Hi 63,
Yes Operation Mercury was the last great German air-drop of the war. The loss of 170 Ju52 transport aircraft particularly enraged Hitler, especially because he considered it a side-show to his all important invasion of Russia a month later. The loss of so many transport aircraft (Germany never had enough as it was) was a serious impediment to German forces in the east for the next two years. Mercury went ahead because the German high command realized the strategic importance of Crete. With control of Crete, not only would the Germans have an unsinkable aircraft carrier to control the Aegean and Eastern Med. from, it was half-way between Greece and their Afrika Corps forces fighting in Libya and Egypt and should have made resupply much easier.
The Germans hit Crete because it is far larger than Malta (thus giving them more drop zones), because they thought it was more lightly defended than it was, and because they thought (wrongly) that the could hit the island with seaborne forces from Greece at the same time the paratroopers landed. As it was, the British navy sank the naval component.
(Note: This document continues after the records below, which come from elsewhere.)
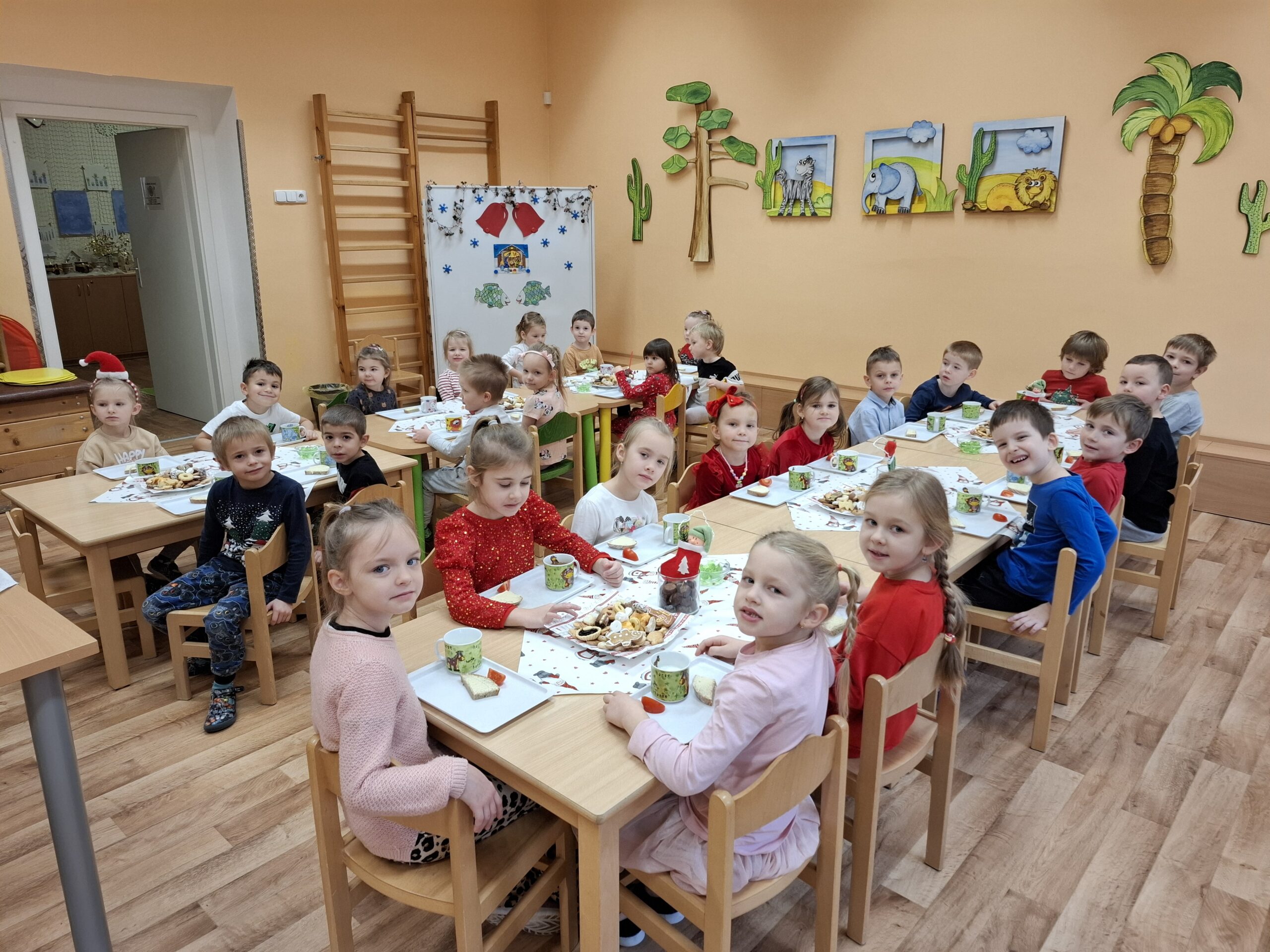 Vánoční dopoledne v naší mateřské škole se neslo ve slavnostní a radostné atmosféře. Společně s dětmi jsme připravili slavnostní tabuli, u které se setkaly obě třídy naší MŠ. Děti usedly k jednomu stolu, kde společně posvačily a poobědvaly, a užívaly si pocit sounáležitosti a vánoční pohody. Milou návštěvou nás poctila paní ředitelka, která dětem popřála klidné a veselé Vánoce. Zároveň je seznámila s některými vánočními zvyky a tradicemi. Děti jí za odměnu zazpívaly známé vánoční koledy. Největší radost však přišla ve chvíli, kdy zacinkal vánoční zvoneček. Děti si s nadšením rozbalovaly dárky a jejich radost byla nepřehlédnutelná. Celým dopolednem nás provázela vůně a chuť vánočního cukroví, které si děti přinesly z domova, aby jím pohostily své kamarády. Vánoční dopoledne jsme si všichni moc užili a odnesli si z něj krásné zážitky,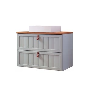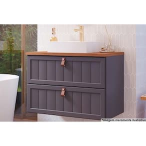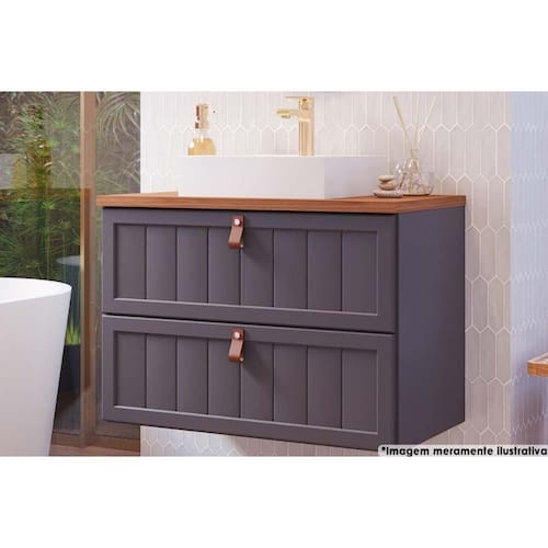 Gabinete de Banheiro Suspenso Sense c/ Cuba 1 Gaveta e 1 Porta Basculante 80cm Titanium/Freijo - MGM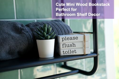 - 【Funny Bathroom Decor】This farmhouse inspired tiny wood books is so adorable and lovely, perfect decor for bathroom shelf, bathroom counter, and toilet in your bathroom, half bathroom and kids' bathroom. As a toilet decorative accessory, this funny restroom decor can instantly brighten the appeal of the bathroom. They are cute as just a shelf sitter or to just sit on your toilet. Also fits perfectly on toilet tank tray, wood riser or on tiered tray.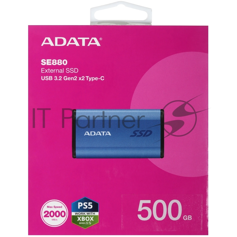 Твердотельный накопитель ADATA External SSD SE880, 500GB, USB 3.2 Gen2 Type-C, up to R/W 2000/2000 MB/s, 64.8x35x12.5mm, Blue (5 лет)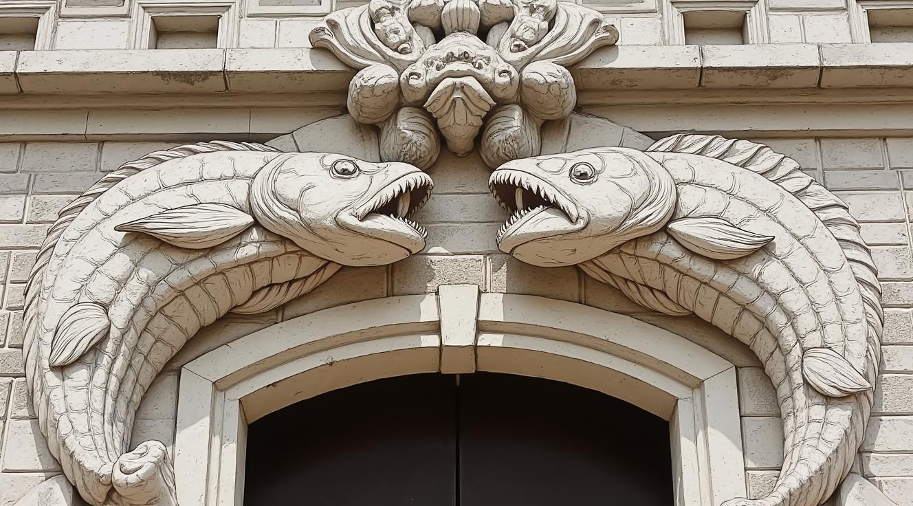 Декоративное верхняя часть наличника в которой две рыбы напротив друг друга мордами в стиле средневековья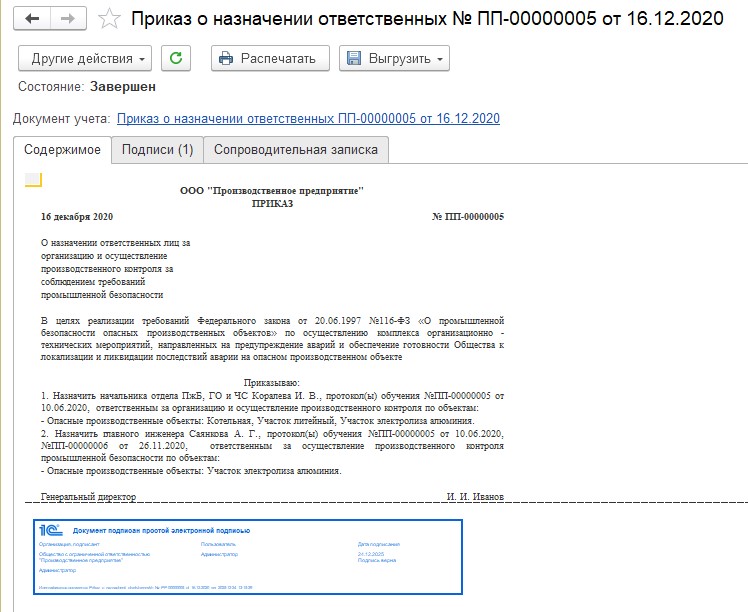 «1C:Производственная безопасность. Промышленная безопасность» версия 2.0.1.40

The German high command pressed for an invasion of Malta as well, but after the losses taken in Mercury, and the beginning of Barbarossa, Hitler was content to simply let the Luftwaffe and Italians try to bomb and starve the island into submission. This was a blunder the Germans would pay for dearly in 1943.
Hitler's incredibly poor grasp of strategy was perhaps the greatest blessing the allies were ever granted.